INSTRUCTIONS FOR THE TASK: Retype the listing exactly. Leave out the images.
── DATASET SECTION ──
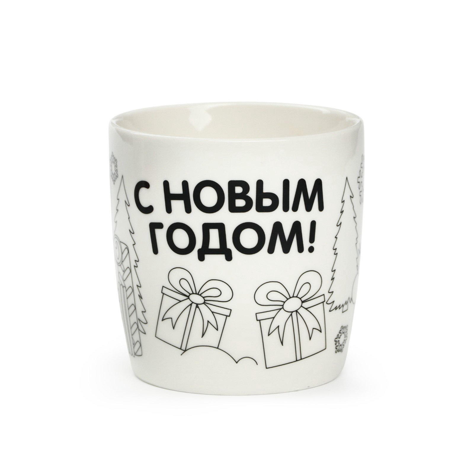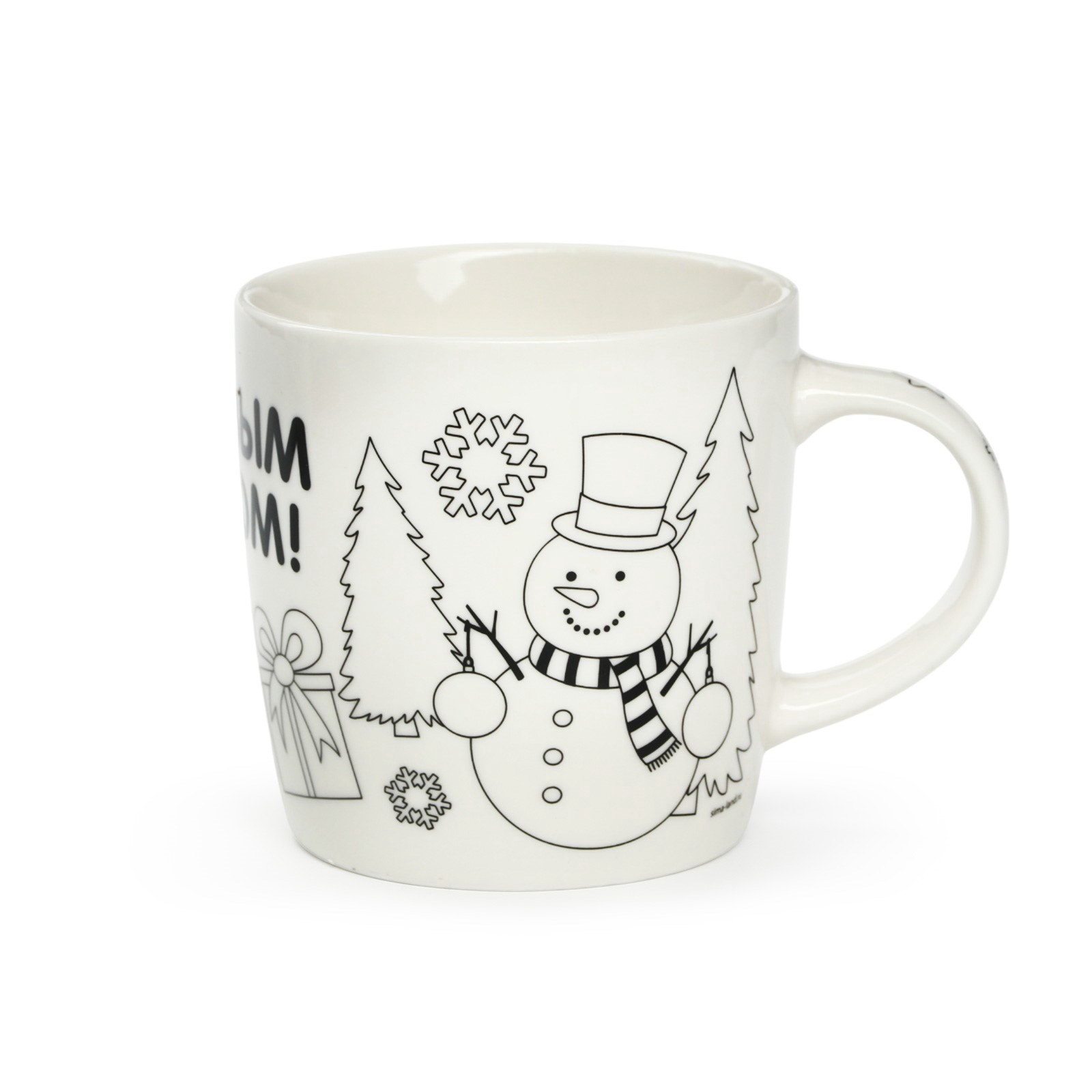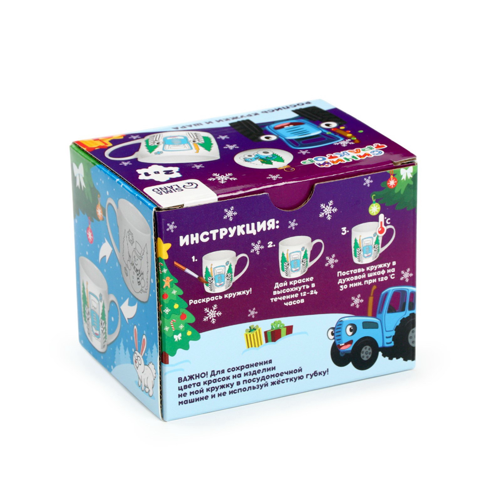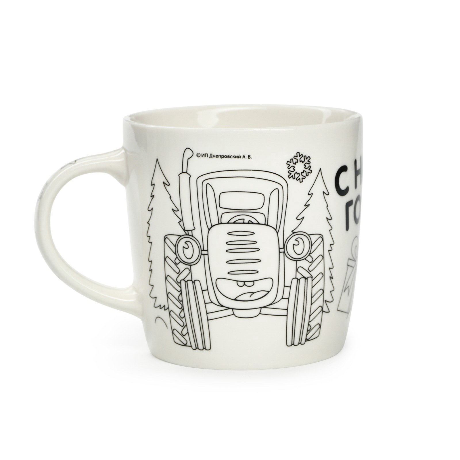 Кружка под раскраску с ёлочным шаром на новый год 300 мл, набор для творчества, 8.7x11.3x8.7 см., Синий трактор, Китай
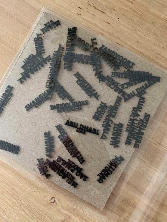 36 verschillende F1 circuits om zelf in een lijst plaatsen of om ergens anders op te lijmen.
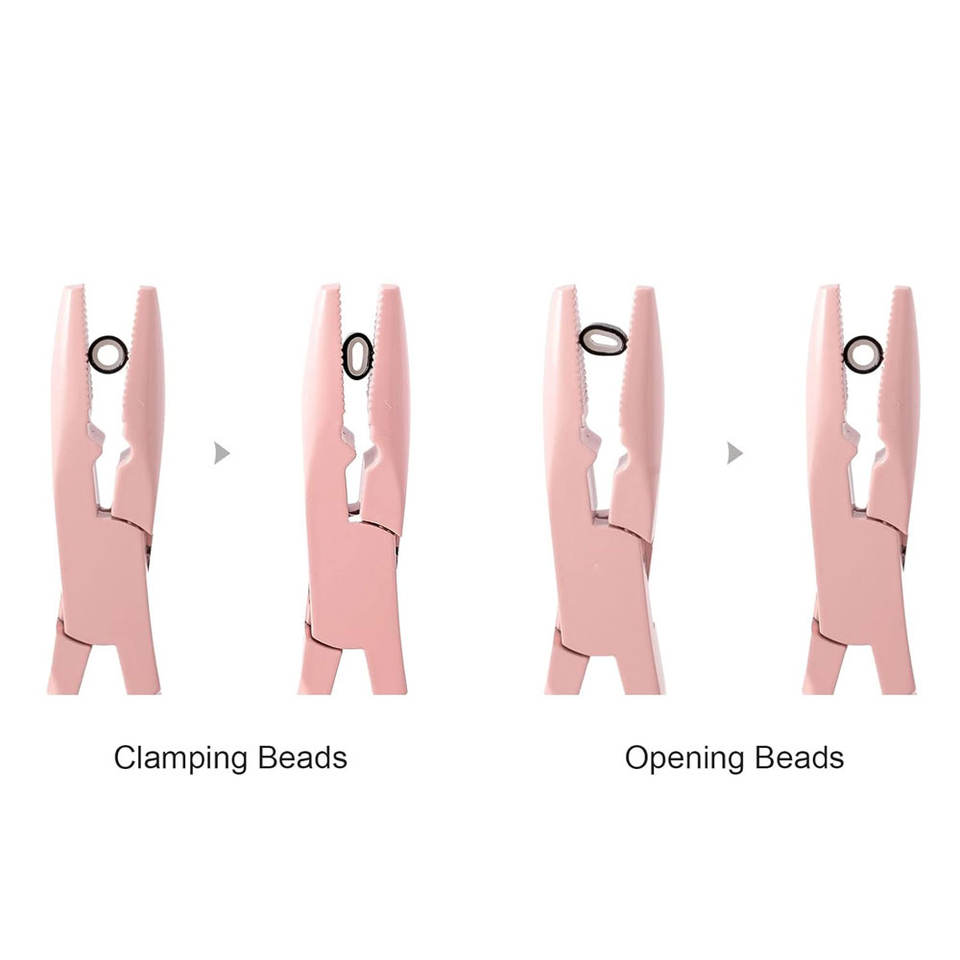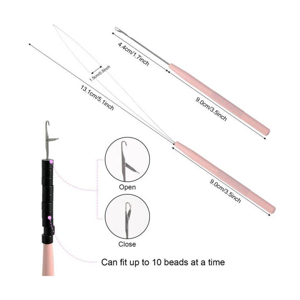ชุดเครื่องมือต่อผม ได้แก่ คีม ห่วงร้อยไหม และไมโครริง สำหรับการต่อผมแบบมืออาชีพ
───
PROBLEM SOLUTION:
 Кружка под раскраску с ёлочным шаром на новый год 300 мл, набор для творчества, 8.7x11.3x8.7 см., Синий трактор, Китай
 36 verschillende F1 circuits om zelf in een lijst plaatsen of om ergens anders op te lijmen.
ชุดเครื่องมือต่อผม ได้แก่ คีม ห่วงร้อยไหม และไมโครริง สำหรับการต่อผมแบบมืออาชีพ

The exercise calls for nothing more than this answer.